Department of Toxicology, Shaanxi Key Lab of Free Radical Biology and Medicine, the Ministry of Education Key Lab of Hazard Assessment and Control in Special Operational Environment, School of Public Health, Fourth Military Medical University, Xi’an 710032, China.
Email: zhangxiaodi@fmmu.edu.cn & cx-hai@fmmu.edu.cn
Received : Mar 31, 2023,
Accepted : May 09, 2023
Published : May 16, 2023,
Archived : www.jclinmedcasereports.com
Introduction: As a choking agent, chlorine (Cl2) exposure accidents occur frequently, which brings great threat to safety of people’s lives and property.
Objective: In this work, the study systematically reviewed the Cl2 exposure accidents from 1967 to 2022, and would like to find valuable new insights and paths in treatment of Cl2 poisoning.
Methods: Eight databases (Wanfang, VIP, CNKI, CBM, Pubmed, Embase, PsycINFO and Cochrane) were searched from the date of establishment to January 2022.

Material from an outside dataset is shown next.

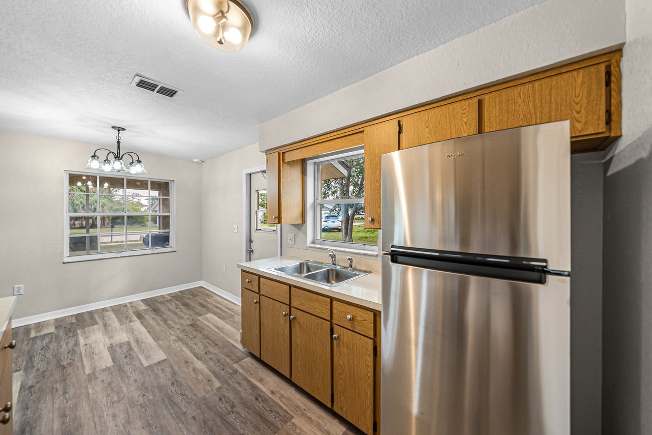 kitchen, which has been tastefully updated with new stainless steel appliances and offers

Results: A total of 159 articles involving 14,197 people with acute Cl2 exposure were included. 125 articles reported on accident types. The most frequent type of accident was industry (71.2%), followed by swimming pools (17.6%). Common symptoms were mainly manifested in the eyes, oropharynx, skin, upper and lower respiratory tract, etc. Laboratory tested mainly include physical examination, blood, and X-ray examination to provide reliable basis for treatment. Conventional treatmented options include glucocorticoids, nebulized inhalation, oxygen inhalation, anti-inflammatory, etc. Extracorporeal Membrane oxygenation (ECMO) was used in critically ill patients.
Conclusions: Timely and effective treatment is extremely important for the life safety of patients exposed to Cl2. This study provides the latest first-hand information for Cl2 exposure accidents characteristics and management strategies, which are mainly related to treatment, and can provide reference and ideas for drug screen and new treatment plans in the future.

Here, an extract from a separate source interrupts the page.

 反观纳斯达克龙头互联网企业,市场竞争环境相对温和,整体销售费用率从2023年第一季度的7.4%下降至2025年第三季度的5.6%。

Keywords: Chlorine; Chlorine exposure accidents; Chlorine poisoning; Lung injury; Accident statistics.
Abbreviations: Cl2: Chlorine; ECMO: Extracorporeal Membrane Oxygenation; HOCl: Hypochlorous Acid; HCl: Hydrochloric Acid; ARDS: Acute Respiratory Syndrome; ATP: Adenosine Triphosphate; FDP: Fructose-1,6-Bisphosphate; PTX: Pentoxifylline.
Copy right Statement: Content published in the journal follows Creative Commons Attribution License (http://creativecommons.org/licenses/by/4.0). © Zhang XD & Hai Cx (2023)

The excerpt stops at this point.